5. Elimine los aceites de semillas inflamatorios para que los omega-3 finalmente puedan hacer su trabajo — Las grasas omega-3 tienen dificultades para funcionar correctamente cuando su alimentación sigue inundando sus tejidos con ácido linoleico (AL) procedente de los aceites de soya, maíz, canola y girasol. Estas grasas industriales son inestables y propensas a oxidarse una vez que entran en sus células. Desplazan las grasas más saludables de las membranas celulares y alteran las mitocondrias, las diminutas estructuras dentro de sus células que convierten los alimentos en energía.
Concéntrese en eliminar esos aceites antes de esperar que los suplementos produzcan resultados significativos. Una vez que reemplace los aceites de semillas por grasas más estables, como la mantequilla de vacas alimentadas con pastura, el sebo y el ghee, los omega-3 procedentes del aceite de kril y los mariscos se vuelven mucho más eficaces para favorecer el cartílago, la recuperación muscular y la comodidad articular.

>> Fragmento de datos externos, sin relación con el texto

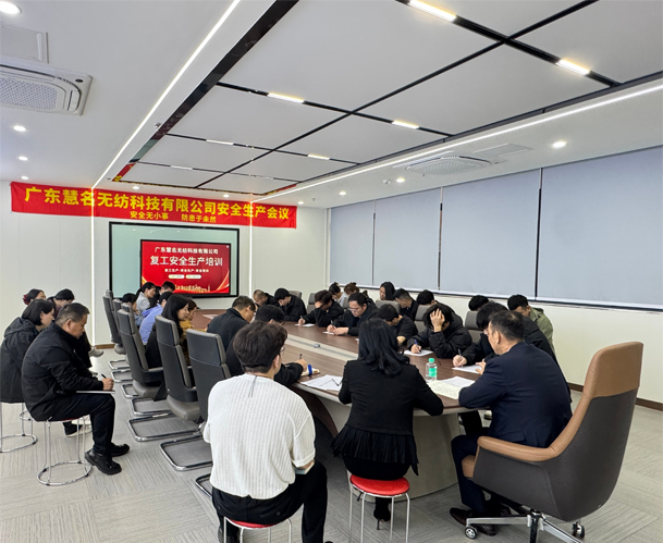 On March 18, 2026, Guangdong Huiming Non-woven Fabric Company convened a comprehensive quality and safety production meeting, attended by all employees from management to frontline staff. The meeting aimed to further consolidate the company's commitment to safety production and product quality, ensuring sustainable and stable development.

Preguntas frecuentes sobre el aceite de kril para la osteoartritis y la fuerza muscular
P: ¿Cómo ayuda el aceite de kril a la osteoartritis de rodilla?
R: El aceite de kril ayuda a reducir la inflamación y el estrés oxidativo que dañan el cartílago y empeoran la rigidez articular con el paso del tiempo. Una investigación publicada en Inflammopharmacology determinó que las personas con osteoartritis de rodilla experimentaron mejoras en el dolor, la rigidez y la función física después de tomar aceite de kril.5 Los participantes informaron de un movimiento más fácil durante actividades cotidianas como caminar, subir escaleras y levantarse de una silla.
P: ¿Por qué el aceite de kril funciona de manera diferente al aceite de pescado convencional?
R: A diferencia del aceite de pescado convencional, el aceite de kril contiene grasas omega-3 unidas a fosfolípidos, que se integran con mayor eficacia en sus membranas celulares. El aceite de kril también contiene de forma natural astaxantina, un antioxidante que ayuda a proteger el aceite contra la oxidación. Esto hace que el aceite de kril sea más estable y menos propenso a formar compuestos inflamatorios que actúan en contra de sus articulaciones y músculos.
P: ¿Puede el aceite de kril mejorar la fuerza muscular en los adultos mayores?
R: Sí. Un estudio publicado en The Journal of Nutrition, Health and Aging determinó que los adultos mayores de 65 años mejoraron la fuerza de agarre, la fuerza de las rodillas y el grosor muscular después de tomar aceite de kril durante seis meses.6 Los investigadores también observaron mejoras en la señalización entre los nervios y los músculos, lo que ayuda a que los músculos se contraigan con mayor eficacia durante el movimiento.
P: ¿Qué alimentos favorecen de manera natural unas articulaciones y músculos más saludables?
R: Los pescados grasos capturados en estado salvaje, como las sardinas, las anchoas, la caballa y el salmón de Alaska, aportan grasas omega-3 junto con proteínas y minerales que favorecen el mantenimiento muscular y la reparación de las articulaciones. Al mismo tiempo, eliminar aceites de semillas como los de soya, maíz, canola y girasol ayuda a reducir el estrés inflamatorio que daña el cartílago y que interfiere con la producción saludable de energía celular.
P: ¿Por qué es tan importante el movimiento para la osteoartritis?
R: El dolor suele hacer que las personas se muevan menos, pero la inactividad debilita los músculos que estabilizan sus articulaciones. Una vez que los músculos se debilitan, sus rodillas absorben más estrés mecánico con cada paso, lo que acelera la rigidez y la pérdida de movilidad. Los estudios destacados en este artículo mostraron que reducir el dolor y mejorar la función muscular crea un ciclo positivo en el que el movimiento se vuelve más fácil, lo que ayuda a preservar la independencia y la resiliencia física con la edad.